3. The method according to claim 1, characterized in that, The catalyst is prepared by impregnating an alumina support with a tin salt dissolved in an ethanol solution, calcining it to obtain a SnAl2O3 intermediate, then soaking it in an aluminum salt and citric acid solution, and calcining it again to obtain the catalyst.

4. The method according to claim 3, characterized in that, The catalyst is soaked in an equal amount of aluminum salt, which accounts for 3 to 15 wt% of the catalyst mass based on aluminum oxide, and citric acid accounts for 0.1 to 0.5 wt% of the catalyst mass.

5. The method according to claim 3, characterized in that, The aluminum salt is selected from one or more of aluminum nitrate, aluminum sulfate, aluminum chloride, and aluminum phosphate.

6. The method according to claim 3, characterized in that, The roasting temperature is selected from 500~800 ℃, and the roasting time is 2~4 h.

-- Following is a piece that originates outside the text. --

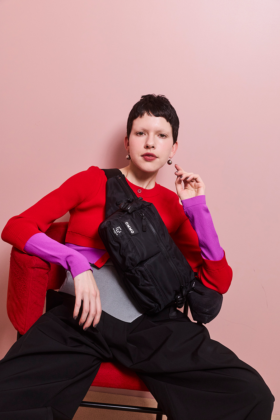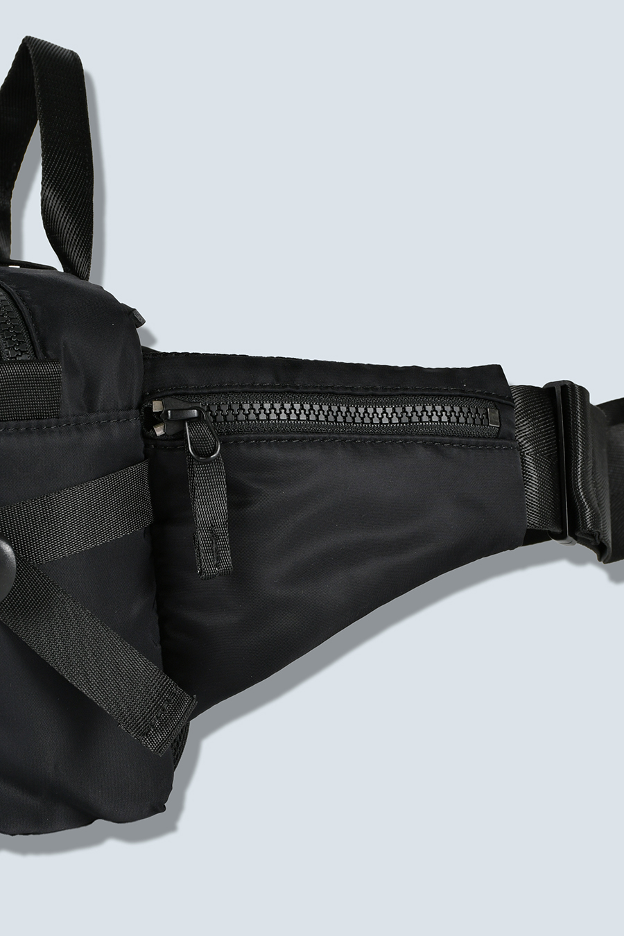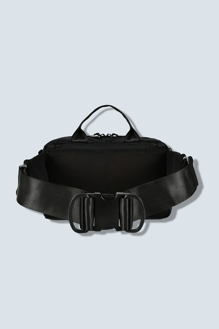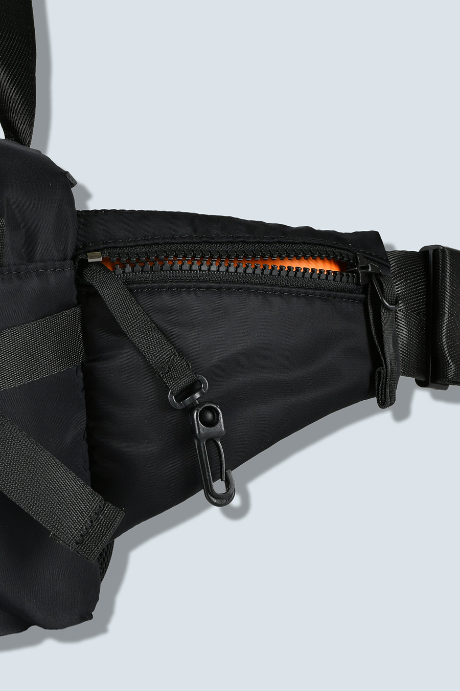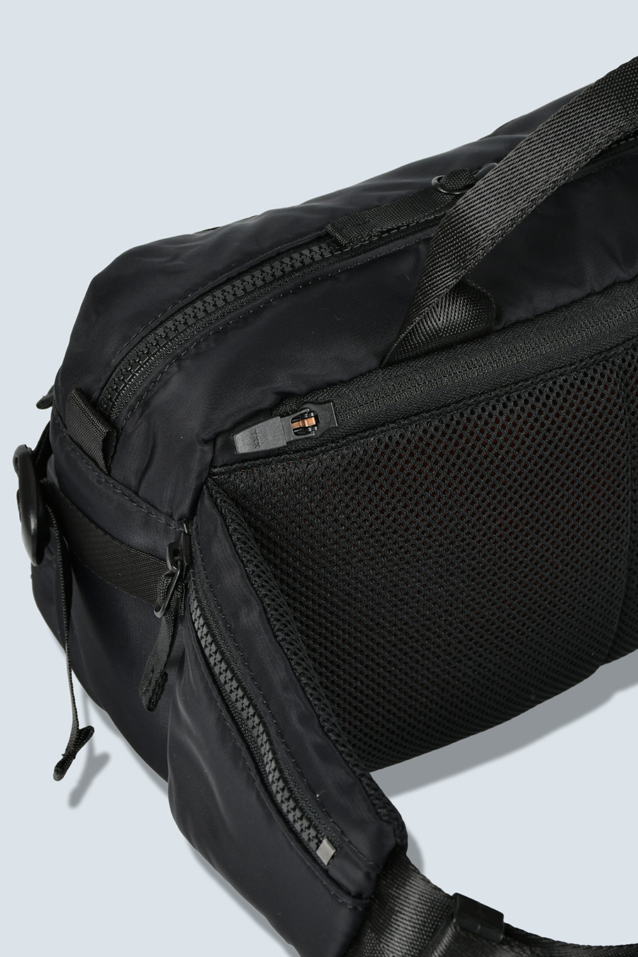 ポケットは合計7つ配置し、上部・正面・背面にはダブルジッパー開閉のポケット、内装にはスロットポケットを2つ、サイドのジッパーポケット内側にはキーリングを備えています。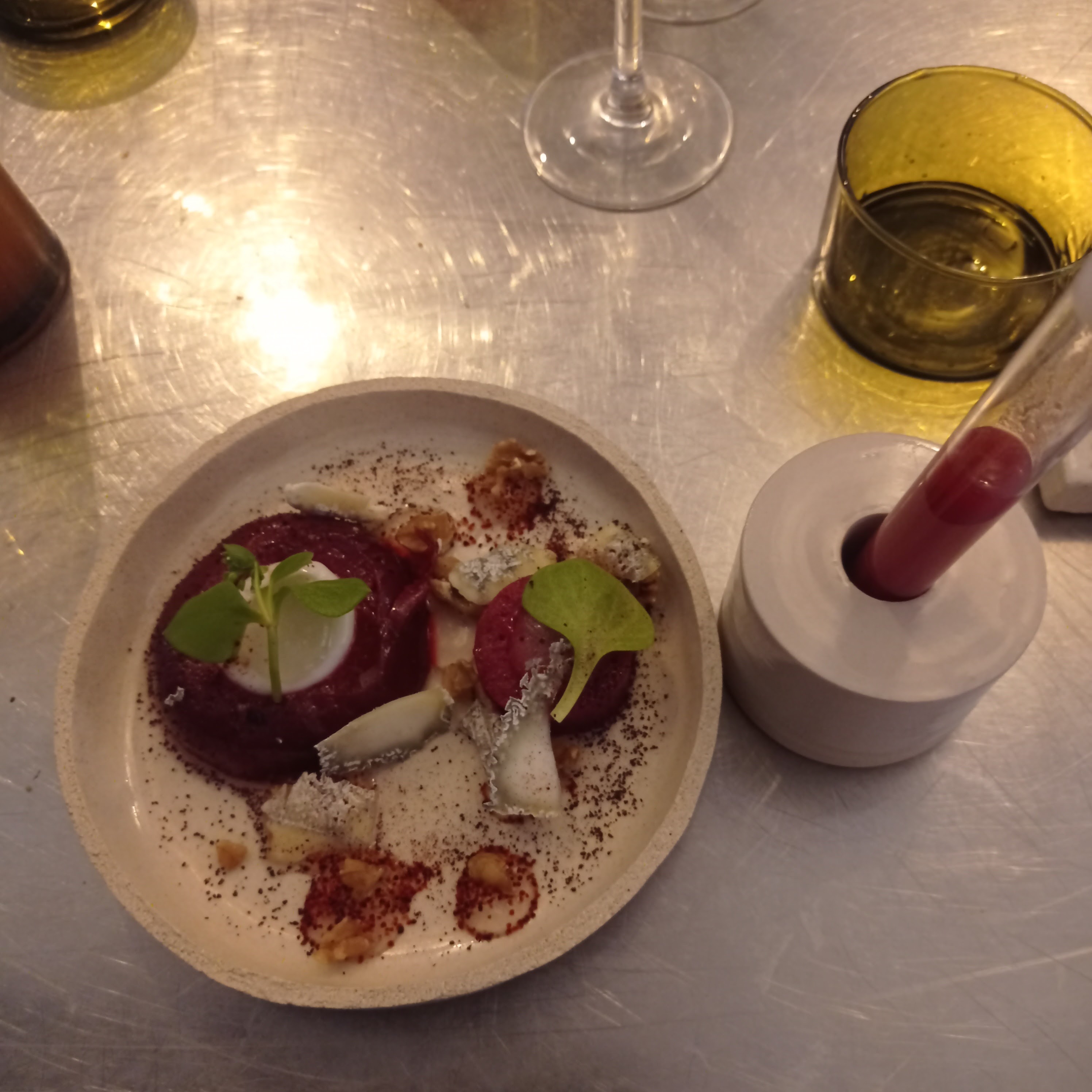 Dîner partagé entre amis, superbe expérience. Restaurant et personnel très accueillant, décoration épurée et tamisée avec un fond de musique très agréable. J’ai vraiment apprécié les différentes saveurs et textures lors de ce repas, menu réalisé avec des produits de saison et locaux. Tout ce qu’il faut pour passer une bonne soirée ! Je conseille fortement et compte bien revenir pour tester les recettes au fil des saisons

7. The method according to claim 1, characterized in that, The molar ratio of ammonia to ethanol is 2 to 8.

8. The method according to claim 1, characterized in that, The mass hourly space velocity (MSV) of the ethanol is 0.1–1.0 h⁻¹. -1 .

9. The method according to claim 1, characterized in that, The reaction pressure is 0.1~0.5MPa, and the reaction temperature is 350~500℃.